Das alte Tonbandgerät darf auch auf ihrem zweiten Album
diskret rauschen und brümmeln, es darf sich auch mal (noch so ein
Fast-Klischee) eine Gleichlaufschwankung erlauben. Das lenkt nicht ab von ihrem
kristallinen, wassergrünen Gitarrenspiel, von ihrer federleichten, die Trauer
der Welt als Hauch in sich tragenden Stimme, den seltsamen, verschrobenen
Harmoniefolgen, durch die ihr Gesang weht wie ein verlorener Luftballon durch
Wolken, Nebelschwaden und den strahlend blauen Himmel.

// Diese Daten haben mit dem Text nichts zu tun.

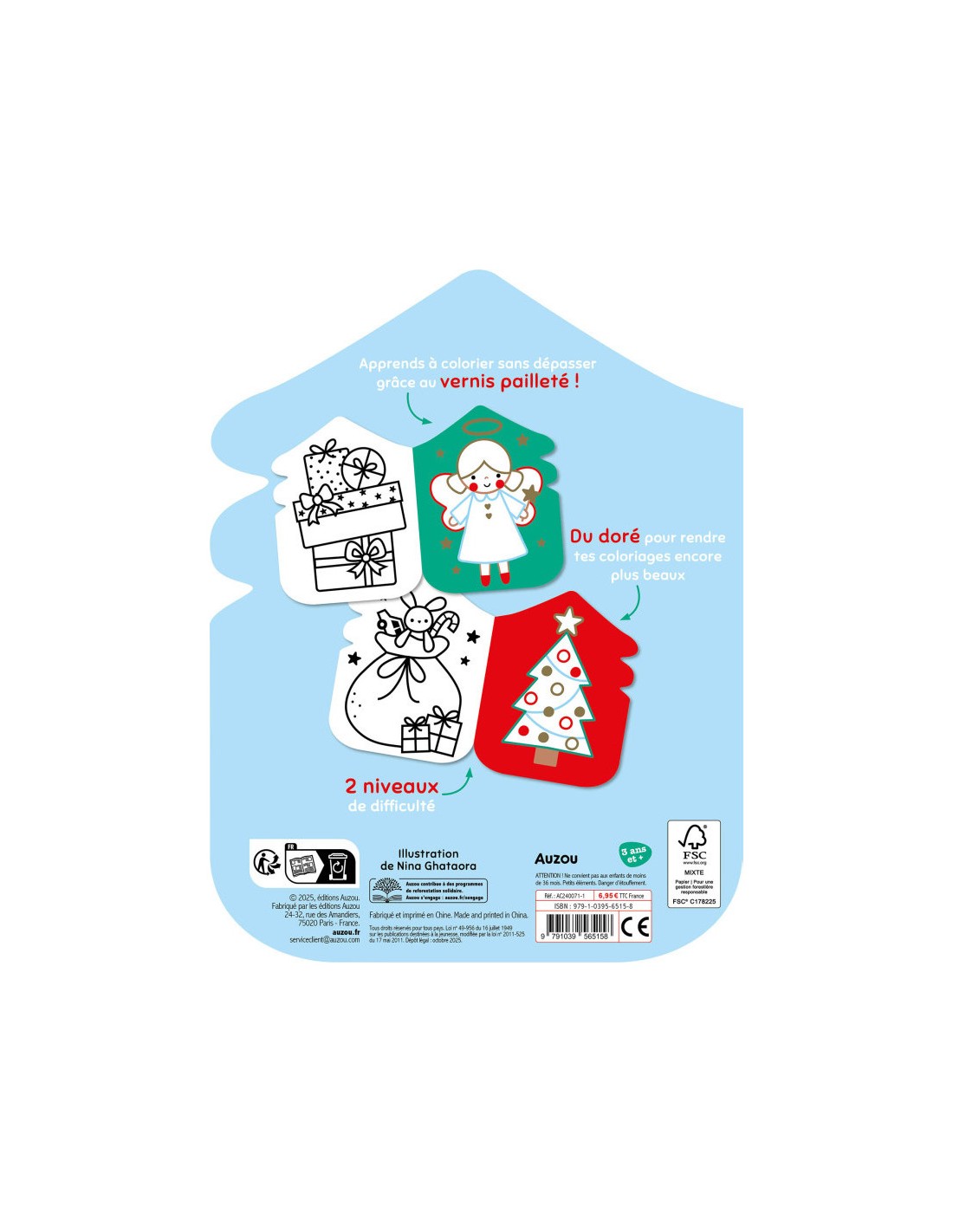 Découvre tes nouveaux coloriages doré sur le thème de Noël avec deux niveaux de difficulté : le premier niveau pour apprendre à bien colorier sans dépasser avec l'aide du vernis à paillettes et le deuxième niveau sans vernis à paillettes pour montrer tes talents !

Die Geschichten, die sie erzählt, bleiben meist ungreifbar,
selbst wenn und obwohl es um so Handfestes wie Verlassen und Verlassenwerden
geht: „Deep inside my lonely room/ I cry the tears of never knowing you“ –
besser kann man das nicht ausdrücken, denkt man, ehe man bemerkt, daß man gar nicht
sagen kann, was „das“ ist. Aber da ist man schon verzaubert, verklärt und aller
Schwere entledigt, geläutert und seltsam glücklich, wenn am Ende selbst die
Stille zu singen scheint und die Welt, die sich unbemerkt aufgelöst hat, aus
dem Tagtraum neu ersteht.
Die Kolumne "Frisch gepreßt" erscheint alle 14 Tage im Stadtmagazin IN MÜNCHEN.